TOP football clubs say they are facing greater scrutiny over their financial affairs in the wake of Rangers' much-publicised battles with the taxman.
A survey of clubs in the Scottish Professional Football League found at least a quarter say HMRC is becoming more vigilant and vocal in approaching them regarding their tax affairs, with officials contacting them "more frequently and earlier" than previous years.
Rangers were placed into liquidation in February 2012 after running up tax debts of £15 million, and have faced a lengthy probe over their use of controversial tax-free payments to players, which is currently working its way through the courts.
Loading article content
The annual survey by accountants and business advisers BDO LLP found this may have led to other clubs' affairs coming under the microscope, despite none of them reporting delays in any tax payments.
The survey, which did not reveal individual clubs' responses, also found the wealth gap between Scotland's bigger clubs and those on more restricted finances is growing, with the top teams attracting the lion's share of broadcast revenues, ticket sales and backing from investors.
At the same time one third (33 per cent) of SPFL clubs reported reduced match ticket sales over the last season; 66 per cent reported a fall in match day catering; and 50 per cent a drop in corporate entertaining.
The biggest concern for clubs is falling attendance due to the economic environment followed equally by inflexible players' salaries and the ability to attract sponsorship.
All clubs reported finding suitable sponsors was becoming harder although a third stated revenues were increasing from commercial contracts.
However, the report found more clubs are optimistic about their finances compared to last year, with 83 per cent of SPFL clubs stating their financial position as very healthy or not bad, and 17 per cent stating their finances were in need of attention.
None of the clubs relied on any secondary funding source such as season ticket advances, while 11 said they would spend less than £2.5m on players during the next two seasons.
Transfer budgets will increase at one club and remain the same at the remainder in the coming year. Two-thirds of the clubs stated they have clauses in player contracts which stipulate wages will be cut if the team is relegated. None of the clubs believe there will be a decline in any of the major revenue streams in the coming season.
Charles Barnett, professional sports group partner at BDO, said: "There are clear signs the financial lessons of the last few years have been learned by most of the clubs in the SPFL.
"There is no mortgaging the future through season ticket advances and clubs appear to have made a conscious decision to live within their means.
"The last few years have undoubtedly seen an enormous and unprecedented shake up in the finances of Scottish football.
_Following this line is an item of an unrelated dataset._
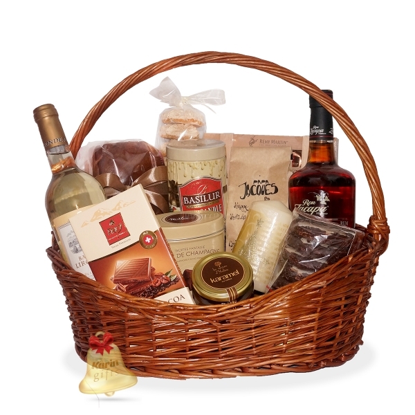Christmas Ginger este un cadou deosebit, ce contine specialitati dulci, precum cozonac, biscuiti deliciosi, turta dulce, praline fine cu lichior, trufe, ciocolata si caramel delicios cu cafea, toate acompaniate de un vin savuros, un rom excelent, o cafea aromata speciala si un sortiment deosebit de ceai. Cosul cadou este decorat si ambalat manual, in spiritul Craciunului, gata de a fi oferit cu ocazia sarbatorilor de iarna.

"It remains to be seen whether this may turn out to be a positive development in financially boosting the lower divisions but for Scottish football it has been a wake-up call that the high spending excesses of previous decades are long gone and that financial reality must rule in future."
A spokeswoman for HMRC said: "The overwhelming majority of football clubs pay the right tax at the right time.
"We recognise the crucial role they play in contributing to the UK's economy which is why we work hard to help them to get their tax right from the outset.
"We provide tailored help for football clubs that want it, while tackling those who attempt to get an unfair business advantage by not keeping to the tax rules."